- Born: 17 July 1935 Auckland, New Zealand
- Died: 31 July 2006 (aged 71) Auckland, New Zealand
- Occupation: Author; editor; academic;
- Education: University of Auckland (Ph.D. in anthopology)
- Subject: Māori culture
- Years active: 1962–2006
- Spouse: Gordon Walters ​ ​(m. 1963; died 1995)​
- Children: 2

= Margaret Orbell =

New Zealand author, editor and academic (1935-2006)

Margaret Rose Orbell (17 July 1935 – 31 July 2006) was a New Zealand author, editor and academic. She was an associate professor of Māori at the University of Canterbury from 1976 to 1994. During her career, Orbell wrote several books on Māori literature and culture, edited numerous collections of songs, poetry and stories, and brought Māori works to a wider and international audience. She was an editor of bilingual magazine Te Ao Hou / The New World in the 1960s, and expanded the magazine's literary and historical content. In 2002, she was appointed a Companion of the New Zealand Order of Merit, for services to Māori and literature.

==Life and career==
Orbell was born in Auckland and attended St Cuthbert's College. She later graduated from the University of Auckland, where she completed a Masters of Arts in English. In 1963, she married Gordon Walters, an artist. They had two children, and he died in 1995.

From 1962 to 1966 Orbell was the editor of bilingual quarterly Te Ao Hou / The New World, published by New Zealand's Māori Affairs Department and printed by Pegasus Press. During her time as editor, she ensured more literary content was included in the journal, and increased the number of translations of historical Māori texts. Her husband helped with the design and arranged for more artwork to be published in its pages.

During Orbell's work as editor of Te Ao Hou, she discovered that the Alexander Turnbull Library contained an extensive collection of untranslated Māori manuscripts containing Māori songs, poems and stories. Inspired by this discovery and determined to bring this literature to a wider audience, she returned to the University of Auckland to complete a Ph.D. in anthropology; her thesis was about waiata aroha (Māori love songs).

After lecturing in Māori at the University of Auckland between 1974 and 1975, Orbell moved to the University of Canterbury and became the associate professor of Māori. She retired in 1994 to return to Auckland and become a full time writer.

Orbell published a number of collections of Māori songs and folktales between 1968 and 1995, including many works that might otherwise have been lost. The Oxford Companion to New Zealand Literature wrote that her main achievement in these books was "to preserve fidelity to the Māori texts and their cultural connotations while arranging, introducing and translating them in ways that make them accessible to other cultures".

==Notable publications==
Orbell's compilation of the anthology Contemporary Maori Writing (1970) included early works by a number of New Zealand Māori writers that were later to become significant figures in New Zealand literature, including Witi Ihimaera, Patricia Grace, Arapera Blank, Harry Dansey and Hirini Mead. It was the first anthology of contemporary Māori writing. New Zealand author Bill Pearson wrote a positive review of the anthology for the literary journal Landfall. A review in The Press said:

Since Maori writers rarely appear in New Zealand literary magazines, one tends to forget about them, and it is surprising to find in a book like this that there are so many obviously competent writers among the Maoris.

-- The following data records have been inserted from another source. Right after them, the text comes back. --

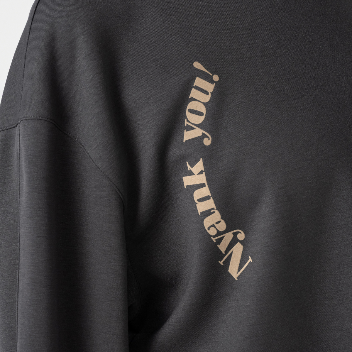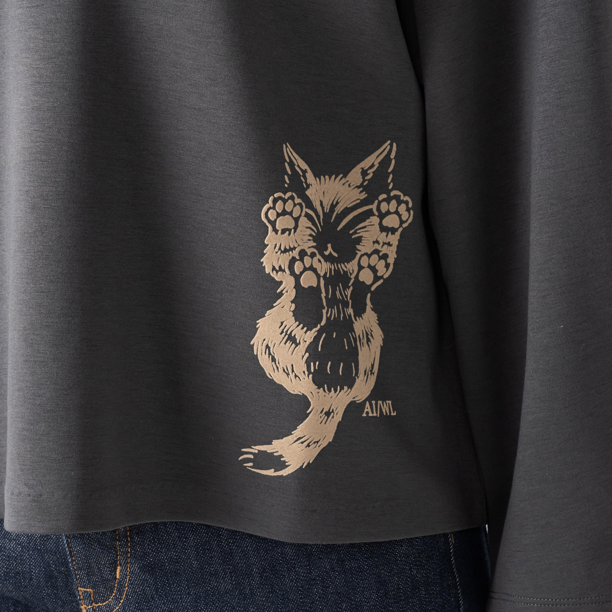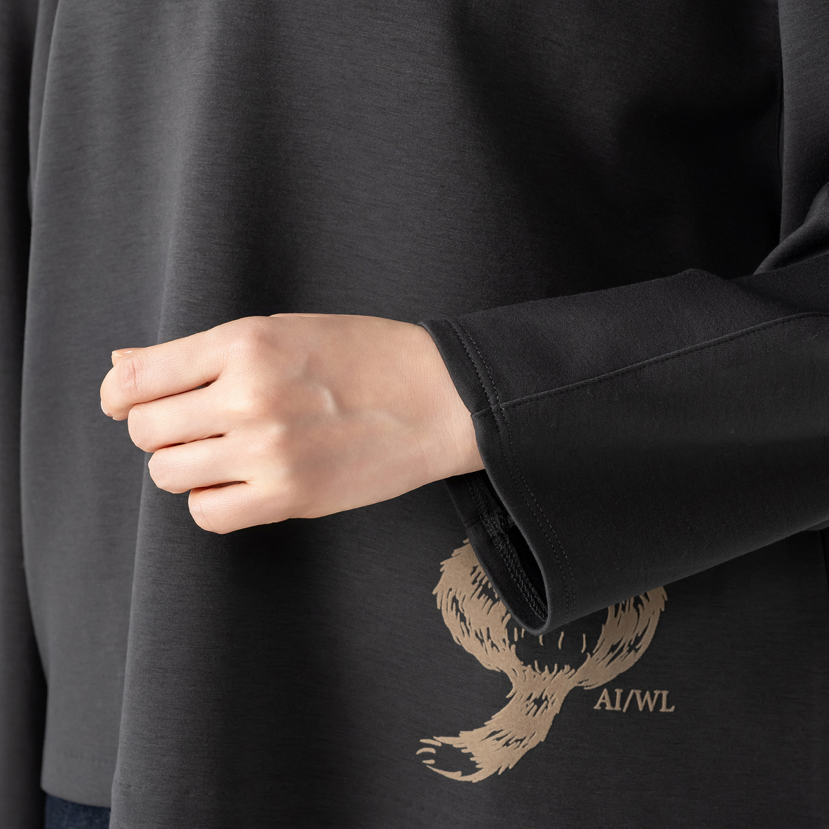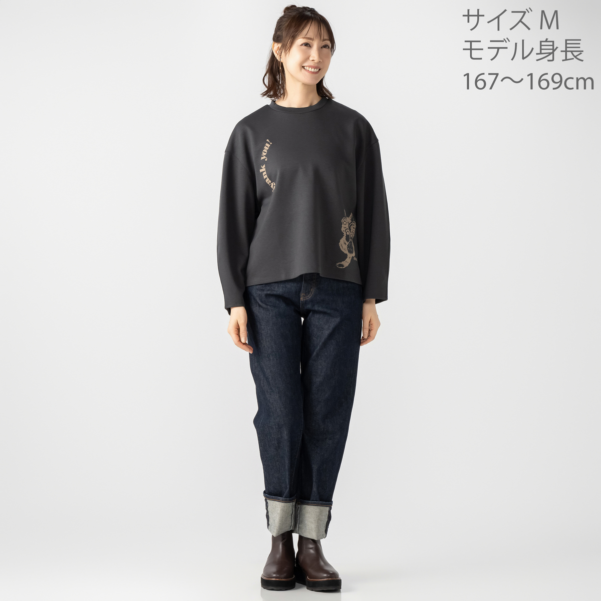 わちふぃーるどのプリントプルオーバー。ストンとしたボクシーなシルエットで体型を拾いにくく、リラックス感のある着心地です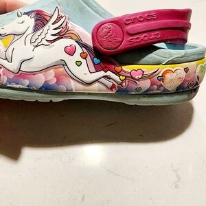 Crocs Light Blue Pink Unicorn Light Up Hearts Rubber Clog Shoe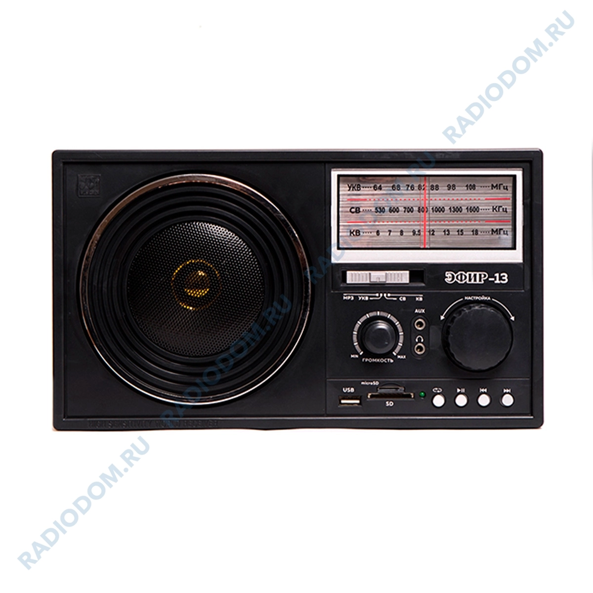 Эфир-13 имеет аналоговый тип тюнера, обеспечивает сигнал в диапазонах УКВ/СВ/КВ с частотой УКВ (64-108МГц) / СВ (530-1600КГц) / КВ (6,0-18,0МГц) соответственно, наличие 1-го динамика с мощностью Φ100mm/8Ω/8W. Радиоприемник работает как от сети 220V, так и от батареек R20 4 шт, размер изделия составляет 280х95х160мм, телескопическая антенна, имеется разъем под наушники, AUX, для блока питания 9В, USB, SD, microSD. Радиоприемник отличает панель воспроизведения MP3, универсальное питание.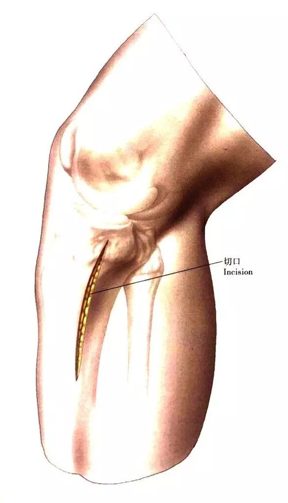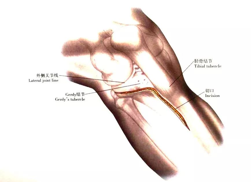 图2做一S形切口,起自关节线近端约3~5cm,恰好位于髌腱边缘的外侧,孤形向前越过Gerdy结节,在胫骨前缘外侧约1cm处向远端延长切口。
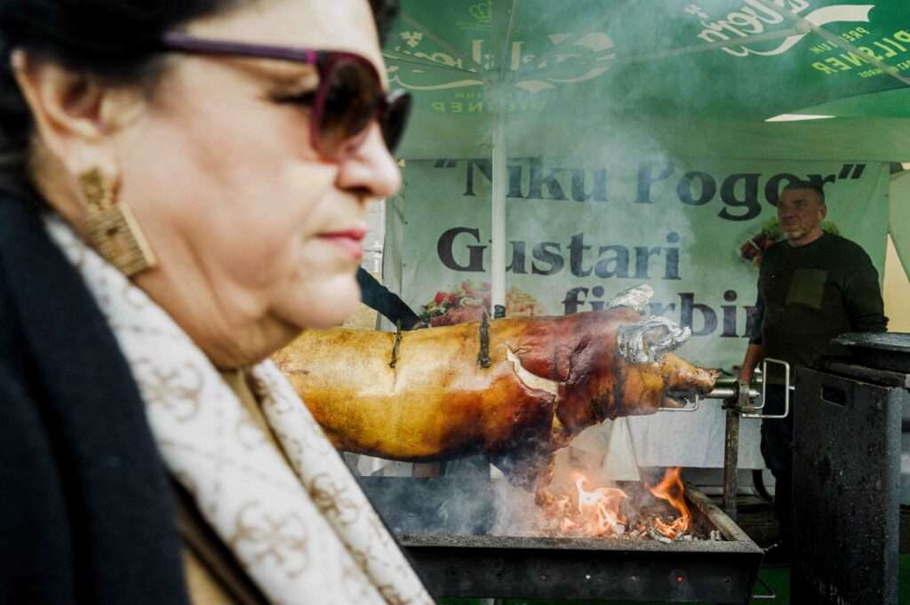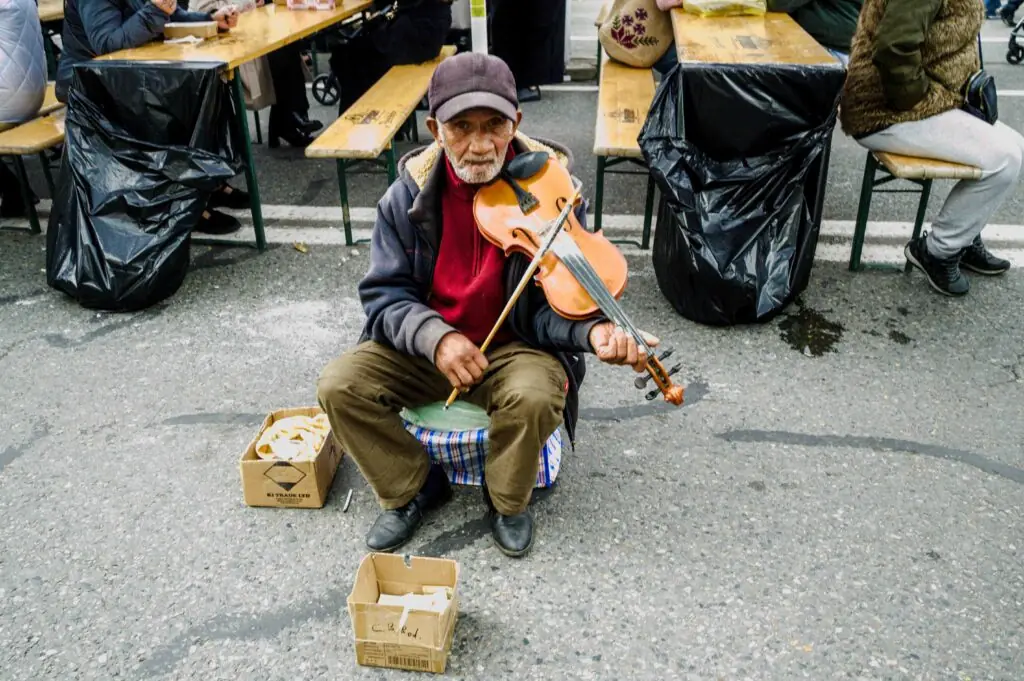 После службы к собору начали стекаться и нерелигиозные горожане, и к десяти утра площадь Великого Национального собрания уже наполнилась звуками оркестра и запахом выпечки, шашлыка и народной кухни.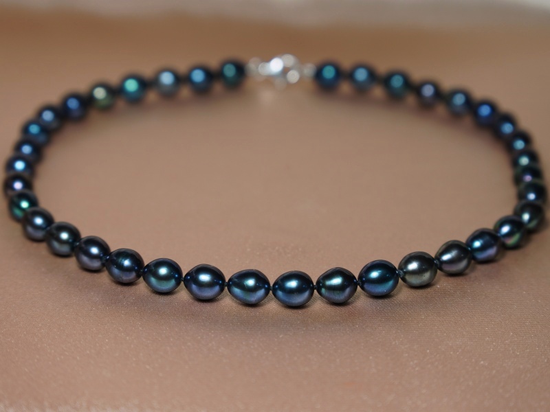 Elegantní náhrdelník z černých oválných sladkovodních perel velikosti cca 8 -9 mm. Perly jsou kvality AA+ (lesk AA+, čistota povrchu AAA), mají hladký povrch a vysoký lesk. Mezi každou perlou jsou navázány uzlíky z důvodu krásnějšího vzhledu a bezpečnosti. Náhrdelník má délku cca 450 mm a je ukončen uzávěrem ze stříbra ryzosti 925/1000. Na požádání vyrobíme náhrdelník s jinou délkou nebo s jiným uzávěrem. Tento šperk je vhodný na vzácné příležitosti. Šperky posíláme v dárkovém balení s certifikátem pravosti.

Orbell and her co-author of Traditional Songs of the Maori (1975), Mervyn McLean, were the first to publish Māori lyrics and music together, as previously Māori music had been largely ignored by Europeans. Providing the music together with the words enabled readers to understand how Māori music would have sounded. A review of her 1978 collection Maori Poetry: An Introductory Anthology noted that "the poetry is literature in its own right, subtle, moving and with a power to affect the emotions and thoughts of people living in today's quite different society".

The Natural World of the Maori (1985), with photographs by Geoff Moon, took four years to complete. It was praised by The Press for having a valuable, albeit non-Māori, perspective on how Māori historically saw New Zealand's natural world, and noted her "skilful summation of how, in Maori belief, the natural world and human experience were integrated with the world of the mind and spirit in a way they are not in the traditions of Western thought". In 1987 a five-part television series of the same name based on the book was screened on TVNZ 1, written and presented by Tipene O'Regan.

==Awards==
In the 2002 New Year Honours, Orbell was appointed a Companion of the New Zealand Order of Merit, for services to Māori and literature.

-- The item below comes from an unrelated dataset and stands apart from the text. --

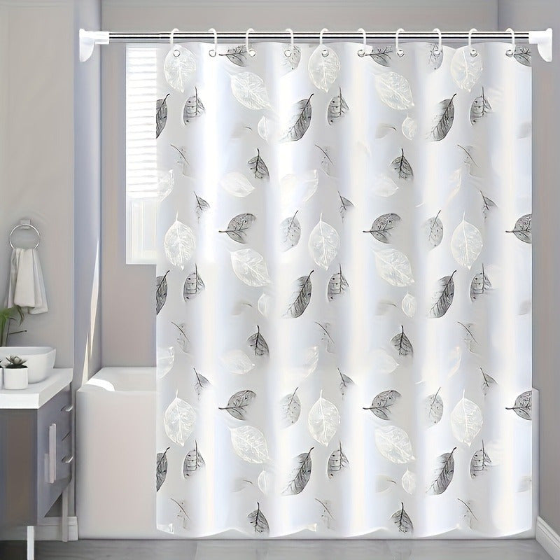 Metal grommetli barg naqshli dush pardasi, tozalash oson, qopqoq bilan birga, hammom bezatish va sovg'a berish uchun ideal.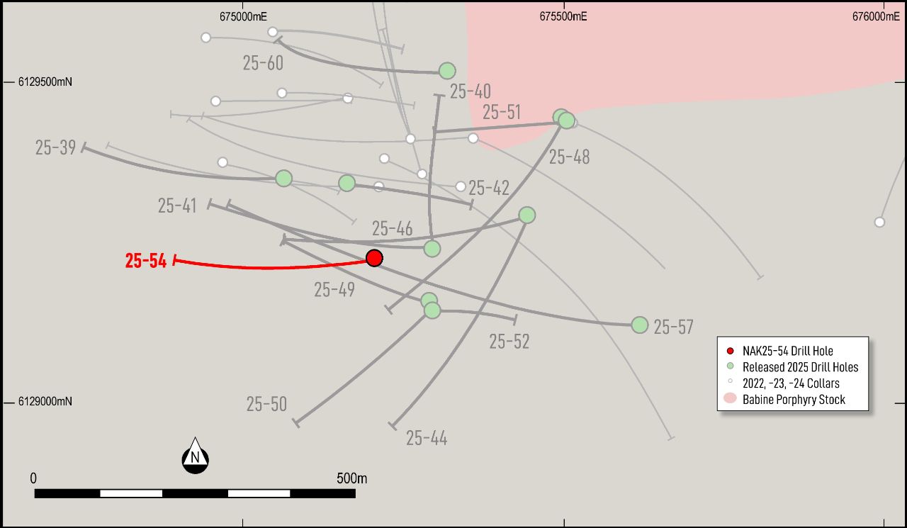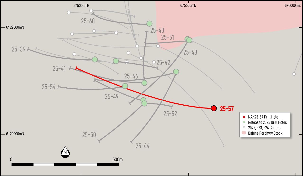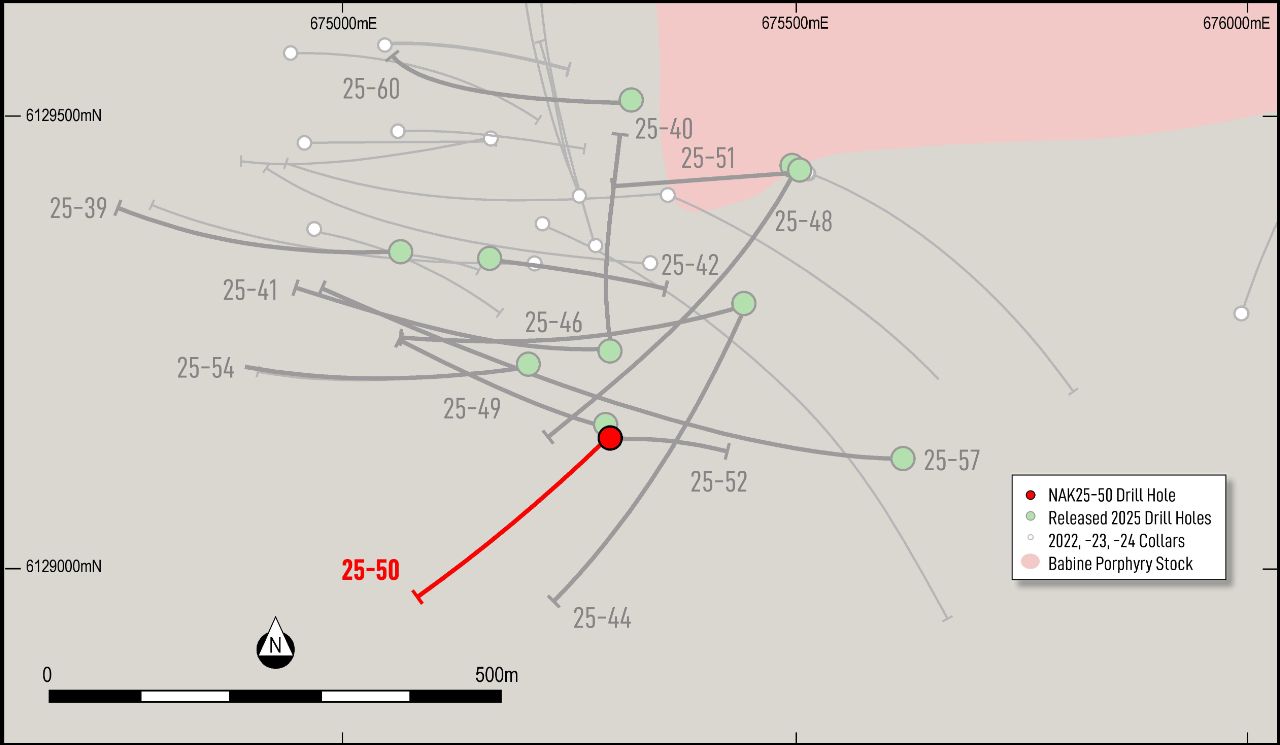 The location of the strongest mineralization in this hole pushes the known extent of deep, high-grade mineralization over 100 m west of the strong zone intersected in NAK25-46. The zone remains open at depth to the north, where there has been little testing of what appears in part to be a sub-horizontal higher grade body.

Contemporary Maori Writing (1970) came second in the 1971 James Wattie Book of the Year Award. The judging panel said it "could well become a standard work in the special field it covered", and praised its editorial work and the material covered. The Natural World of the Maori (1985) received third place in the 1985 competition.

Traditional Songs of the Maori (1975), with co-author Mervyn McLean, received the Award for Non-Fiction at the inaugural New Zealand Book Awards in 1976. Illustrated Encyclopedia of Māori Myth and Legend (1995), Songs of a Kaumatua: As sung by Kino Hughes (2002) and Birds of Aotearoa: A Natural and Cultural History (2003) were finalists in the New Zealand Book Awards.

==Selected works==
- Maori Folktales in Maori and English (1968)
- Contemporary Maori Writing (1970) (editor)
- Traditional Songs of the Maori (1975, 1990, with Mervyn McLean)
- Maori Poetry: An Introductory Anthology (1978)
- Select Bibliography of the Oral Tradition of Oceania (UNESCO, Paris, 1978)
- Penguin Book of New Zealand Verse (1985) (consultant editor)
- The Natural World of the Maori (1985, with photos by Geoff Moon)
- Waiata: Maori Songs in History (1991)
- Traditional Māori Stories (1992)
- Illustrated Encyclopedia of Māori Myth and Legend (1995)
- Songs of a Kaumātua: As sung by Kino Hughes (2002, with Mervyn McLean)
- Birds of Aotearoa: A Natural and Cultural History (2003)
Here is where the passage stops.